Robert Baillie and Samuel S. Wagstaff, Jr., "Lucas Pseudoprimes", Mathematics of Computation, v35 n152, October 1980, pp 1391-1417. http://mpqs.free.fr/LucasPseudoprimes.pdf
John Brillhart, D. H. Lehmer, and J. L. Selfridge, "New Primality Criteria and Factorizations of 2^m +/- 1", Mathematics of Computation, v29, n130, Apr 1975, pp 620-647. http://www.ams.org/journals/mcom/1975-29-130/S0025-5718-1975-0384673-1/S0025-5718-1975-0384673-1.pdf
Richard P. Brent, "An improved Monte Carlo factorization algorithm", BIT 20, 1980, pp. 176-184. http://www.cs.ox.ac.uk/people/richard.brent/pd/rpb051i.pdf
Peter L. Montgomery, "Speeding the Pollard and Elliptic Curve Methods of Factorization", Mathematics of Computation, v48, n177, Jan 1987, pp 243-264. http://www.ams.org/journals/mcom/1987-48-177/S0025-5718-1987-0866113-7/
Richard P. Brent, "Parallel Algorithms for Integer Factorisation", in Number Theory and Cryptography, Cambridge University Press, 1990, pp 26-37. http://www.cs.ox.ac.uk/people/richard.brent/pd/rpb115.pdf
Richard P. Brent, "Some Parallel Algorithms for Integer Factorisation", in Proc.
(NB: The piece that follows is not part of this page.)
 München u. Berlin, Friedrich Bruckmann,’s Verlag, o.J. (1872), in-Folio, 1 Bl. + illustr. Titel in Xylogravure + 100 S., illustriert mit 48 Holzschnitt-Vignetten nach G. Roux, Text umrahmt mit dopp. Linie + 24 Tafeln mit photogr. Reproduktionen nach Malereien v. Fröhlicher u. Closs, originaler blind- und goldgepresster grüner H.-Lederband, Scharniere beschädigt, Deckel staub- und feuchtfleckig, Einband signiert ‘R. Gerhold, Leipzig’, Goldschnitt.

Third Australian Supercomputer Conference, 1999. (Note: there are multiple versions of this paper) http://www.cs.ox.ac.uk/people/richard.brent/pd/rpb193.pdf
William B. Hart, "A One Line Factoring Algorithm", preprint. http://wstein.org/home/wstein/www/home/wbhart/onelinefactor.pdf
Daniel Shanks, "SQUFOF notes", unpublished notes, transcribed by Stephen McMath. http://www.usna.edu/Users/math/wdj/mcmath/shanks_squfof.pdf
Jason E. Gower and Samuel S. Wagstaff, Jr, "Square Form Factorization", Mathematics of Computation, v77, 2008, pages 551-588. http://homes.cerias.purdue.edu/~ssw/squfof.pdf

AUTHORS

Dana Jacobsen <dana@acm.org>

ACKNOWLEDGEMENTS

Obviously none of this would be possible without the mathematicians who created and published their work. Eratosthenes, Gauss, Euler, Riemann, Fermat, Lucas, Baillie, Pollard, Brent, Montgomery, Shanks, Hart, Wagstaff, Dixon, Pomerance, A.K Lenstra, H. W. Lenstra Jr., Knuth, etc.
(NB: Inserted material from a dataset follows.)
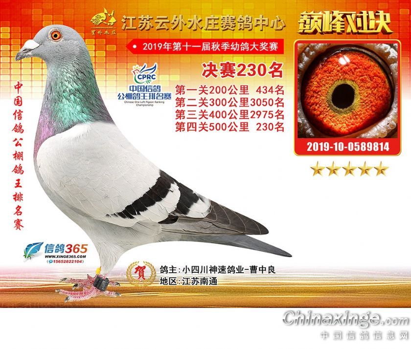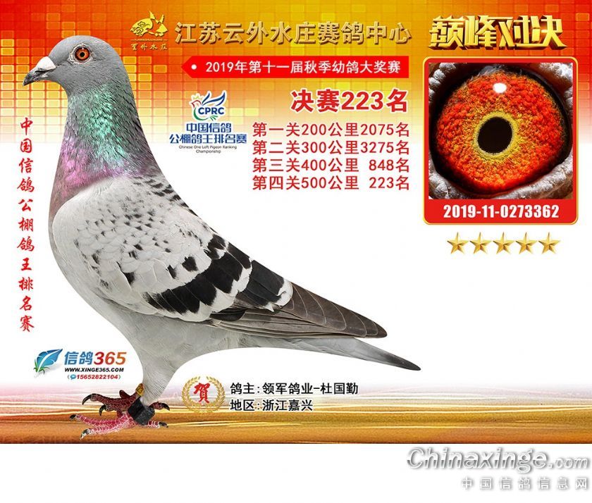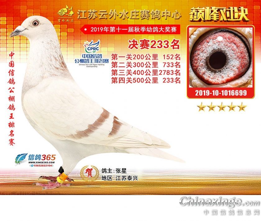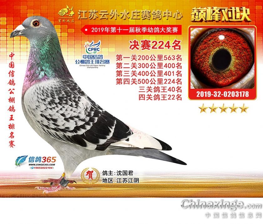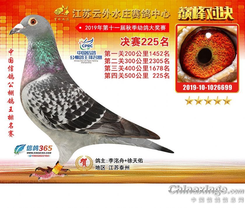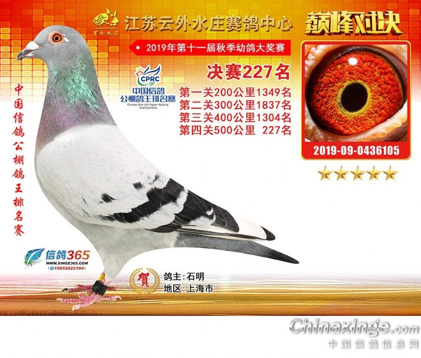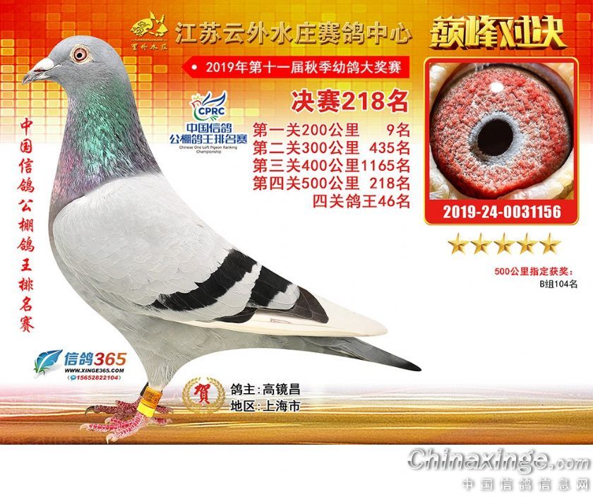 作品说明: 江苏云外水庄赛鸽中心2019年获奖鸽211-240名

The GNU GMP team, whose product allows me to concentrate on coding high-level algorithms and not worry about any of the details of how modular exponentiation and the like happen, and still get decent performance for my purposes.

Ben Buhrows and Jason Papadopoulos deserve special mention for their open source factoring tools, which are both readable and fast. In particular I am leveraging their SQUFOF work in the current implementation. They are a huge resource to the community.
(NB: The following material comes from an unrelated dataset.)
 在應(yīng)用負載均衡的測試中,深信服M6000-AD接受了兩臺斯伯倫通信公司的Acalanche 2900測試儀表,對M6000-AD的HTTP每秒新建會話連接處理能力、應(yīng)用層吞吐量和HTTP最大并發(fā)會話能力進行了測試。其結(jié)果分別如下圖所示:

Jonathan Leto and Bob Kuo, who wrote and distributed the Math::Primality module on CPAN. Their implementation of BPSW provided the motivation I needed to get it done in this module and Math::Prime::Util. I also used their module quite a bit for testing against.

COPYRIGHT

Copyright 2011-2012 by Dana Jacobsen <dana@acm.org>

This program is free software; you can redistribute it and/or modify it under the same terms as Perl itself.